Re: Positive test one day, Next day find out ectopic.

Post by Viain »

[lThankyou for posting as I came on today specifically looking for someone that is in a similar situation to me and for reassurance.
I feel the same I am 3 weeks post op today had my left tube removed and have just had to phone to get my sick note extended some of my team at work are close friends and been supportive but I can’t help feel guilty and that people will be thinking as i start to be up and about more that I should be back at work. My emotions are all over the place and I just don’t know how I’m meant to feel my partner is brilliant but if I get upset he automatically thinks it’s physical pain and I struggle to explain otherwise. Like you I’ll have a good day and think I can go bk to work get on etc then have a day like today where all I can do is cry it’s like it’s not even optional the tears just come.
So Thankyou for sharing cos I feel slightly less alone x

htf20
Posts: 3
Joined: Mon Dec 14, 2020 2:58 pm

Re: Positive test one day, Next day find out ectopic.

Post by htf20 »

Hi Viain,

I’m much the same as you, i mainly went back to work because i couldn’t deal with my own emotions and thought work would help me stop thinking and also because of the guilt i had sitting there. I’m very close with my work (like family) , so they know what has happened and been really supportive of me taking the time i need. Within 2 weeks of going back i was in absolute agony all down my right side (fallopian removed that side) and shoulders and my right boob and ended up back in hospital. I also couldn’t go a day without balling my eyes out or hiding somewhere at work to take 30 minutes to myself. I strongly believe now not go back untill your ready, and when you do go back maybe ask for part time for a couple of weeks so you can adjust slowly.
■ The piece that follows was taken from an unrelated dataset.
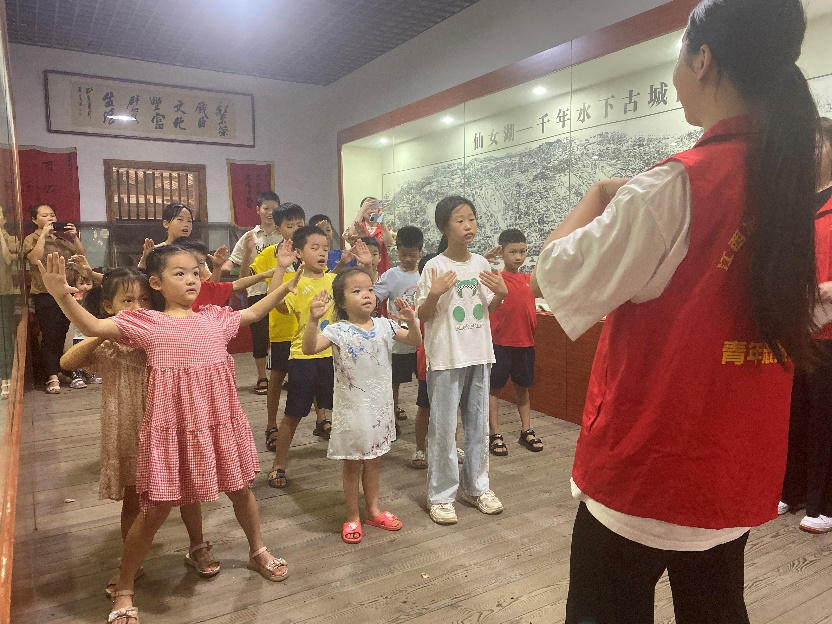 【现代服务学院赵令弘报道】7月16日,现代服务学院“爱润童心,为爱护航”三下乡社会实践团队来到仙女湖区昌田村开展“以舞相牵,为爱相伴”活动,促进民间传统舞蹈技艺的传承与发展。在初心馆的历史文化展厅内,志愿者通过介绍当地非遗戏剧文化,引发孩子们对传统文化的认同感。每当讲到自己认识的戏种或是戏服,孩子们就会兴高采烈地介绍自己的所见所闻。随后,志愿者们开展了舞蹈小课堂。在课堂上,孩子们学习了我国传统民...
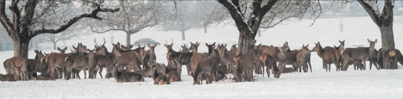 Abb. 3 – Rothirschrudel im Winter in einer Tallage. Foto: Peter Eggenberger

I still feel constantly guilty and super super emotional about everything, i have started a little diary that i write down how i’m feeling and what pain i’m in. It just means if my parents or 2 best friends ask how i’m coping i can show them, rather then explain as i often just find myself crying or i just shut it down quickly.

If you ever need someone to talk to, please don’t hesitate to message as i struggle to open up too.